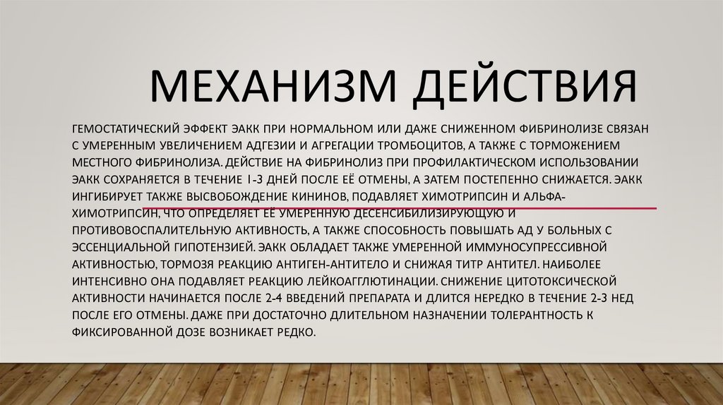 МЕХАНИЗМ ДЕЙСТВИЯГЕМОСТАТИЧЕСКИЙ ЭФФЕКТ ЭАКК ПРИ НОРМАЛЬНОМ ИЛИ ДАЖЕ СНИЖЕННОМ ФИБРИНОЛИЗЕ СВЯЗАН
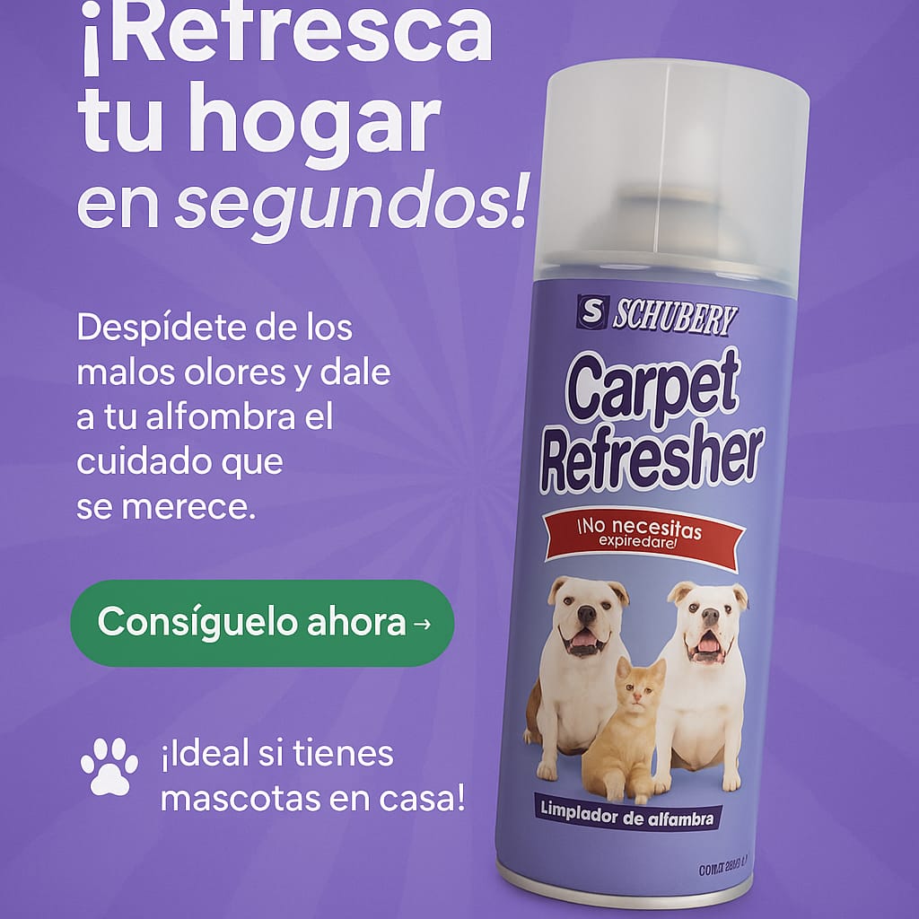 Descripción🧼 Descripción del Producto: Carpet Refresher Schubert es el aliado perfecto para mantener tus alfombras frescas, sin necesidad de aspiradora. Su fórmula en espuma ligera neutraliza los malos olores, incluso los causados por mascotas, dejando un aroma agradable en segundos. Ideal para hogares con perros o gatos, este limpiador actúa de forma rápida, segura y eficaz. 🟣 Contenido: Espuma en aerosol de secado rápido. 🟣 Apto para usar cerca de mascotas. 🟣 No requiere enjuague ni aspirado. --- 🎯 Ángulo de Venta: ✨Frescura instantánea para hogares con mascotas. Vende tranquilidad, limpieza y practicidad. Este producto está pensado para personas que: Tienen mascotas y quieren eliminar olores sin esfuerzo. Buscan una solución rápida sin necesidad de usar una aspiradora. Quieren mantener una buena presentación del hogar sin complicaciones. Ideal para: Mamás, amantes de los animales, dueños de departamentos pequeños, oficinas pet friendly, hogares con niños. --- 🔥 Llamado a la acción: ¡Refresca tu hogar en segundos! Despídete de los malos olores y dale a tu alfombra el cuidado que se merece. 🛒 Consíguelo ahora y disfruta de un ambiente limpio, fresco y sin esfuerzo. 🐾 ¡Ideal si tienes mascotas en casa!
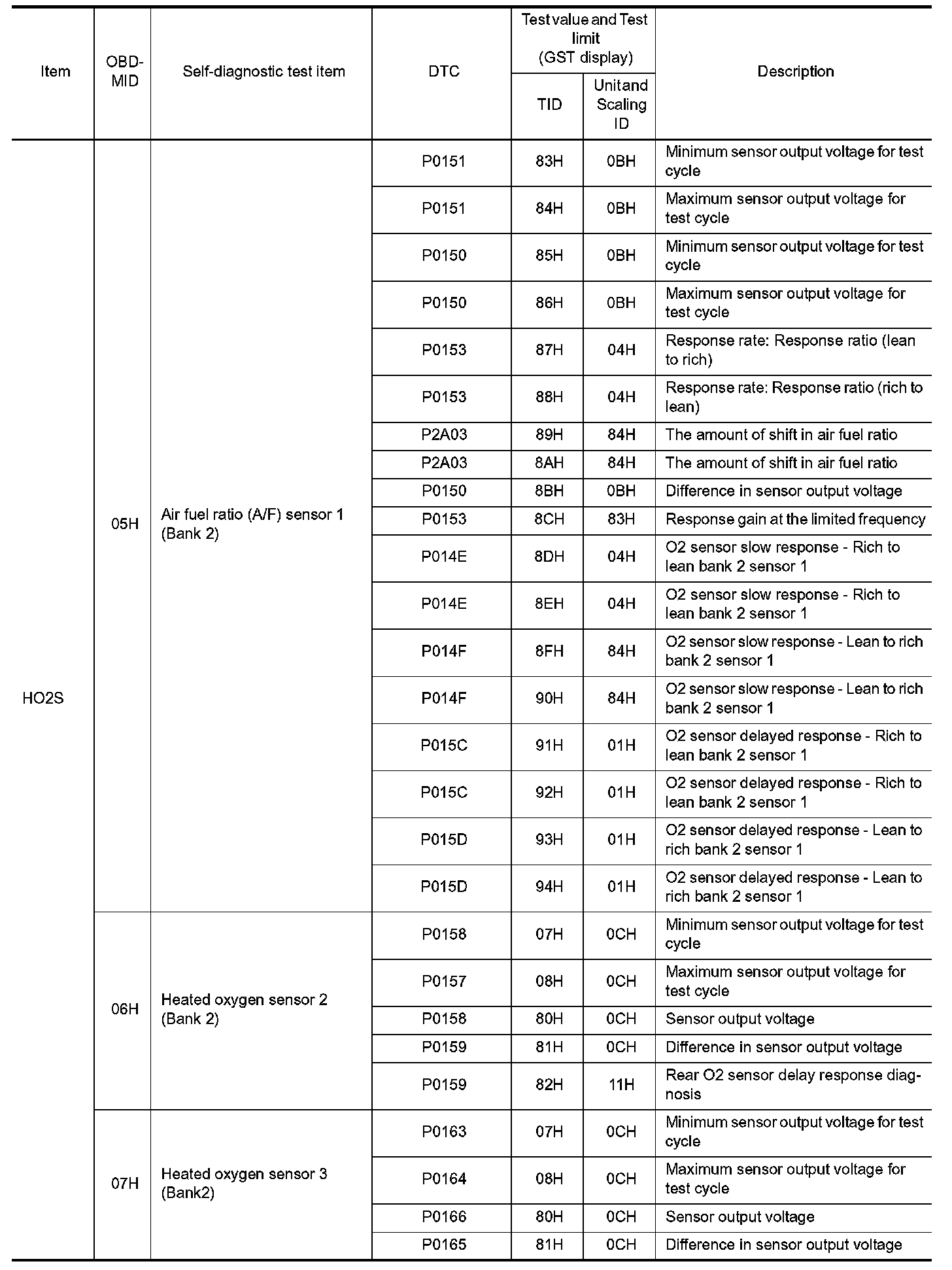 The following is the information specified in Service $06 of SAE J1979/ISO 15031-5.
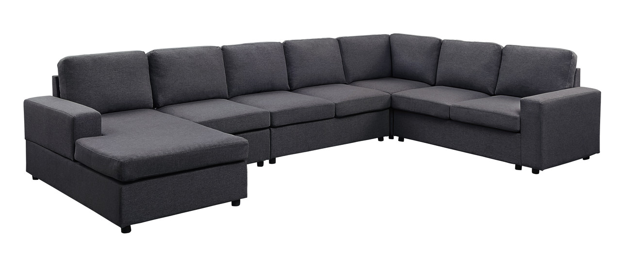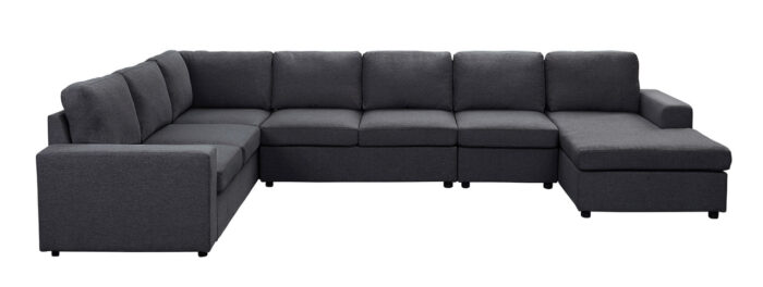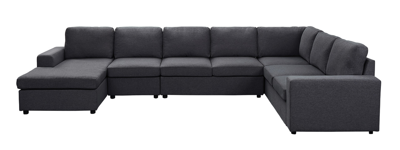 Tifton 146.5″W Modular Sectional Sofa with Reversible Chaise in Dark Gray Linen – Lilola
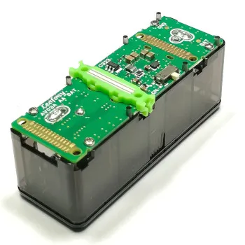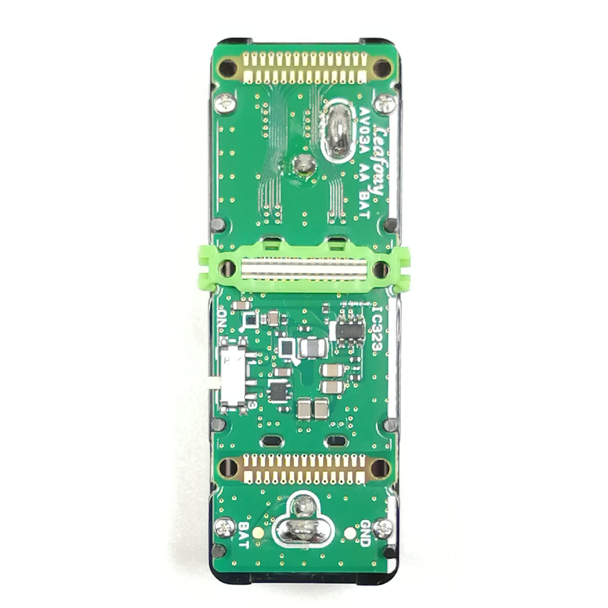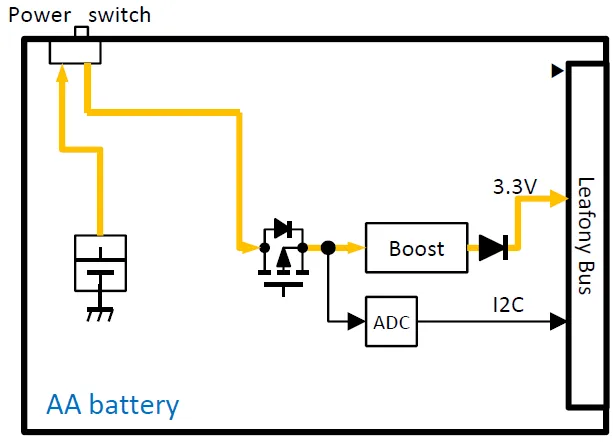 単3電池ホルダを実装し、1.5Vの電池電圧を昇圧電源回路により3.3Vに変換し、3.3Vを各リーフに供給するリーフです。3.3Vをオン/オフするためのスイッチを実装しています。また、電池電圧をモニタするためのADコンバータを実装しています。
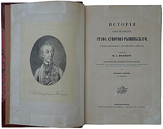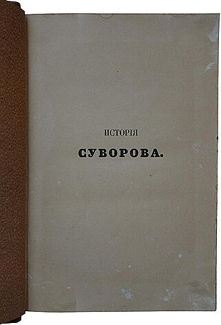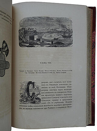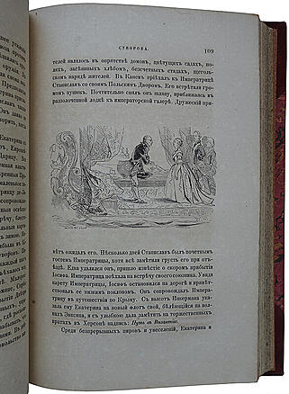 С портретом Суворова и 100 картинами, рисованными гг. Коцебу, Жуковским и Шевченком, и гравированными на дереве в Париже гг. Andrews, Best, Le Loire, и в С.Петербурге г. Дерикером и друг.
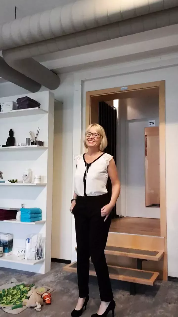 Cheerful Lukerya again puts on fishnet stockings for black underwear.
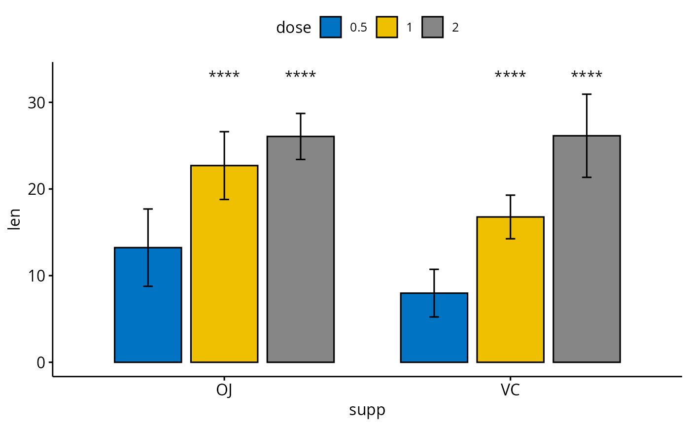 #> 1 VC len 0.5 1 0.000000681 0.000002 6.8e-07 **** T-test

==================================================

**Problem statement**
Take the line containing "Tifton 146.5″W Modular" and every line after it up to the end of the entries, and quote them exactly. Both ends count; the pictures do not.

**The answer**
 Tifton 146.5″W Modular Sectional Sofa with Reversible Chaise in Dark Gray Linen – Lilola
 単3電池ホルダを実装し、1.5Vの電池電圧を昇圧電源回路により3.3Vに変換し、3.3Vを各リーフに供給するリーフです。3.3Vをオン/オフするためのスイッチを実装しています。また、電池電圧をモニタするためのADコンバータを実装しています。
 С портретом Суворова и 100 картинами, рисованными гг. Коцебу, Жуковским и Шевченком, и гравированными на дереве в Париже гг. Andrews, Best, Le Loire, и в С.Петербурге г. Дерикером и друг.
 Cheerful Lukerya again puts on fishnet stockings for black underwear.
 #> 1 VC len 0.5 1 0.000000681 0.000002 6.8e-07 **** T-test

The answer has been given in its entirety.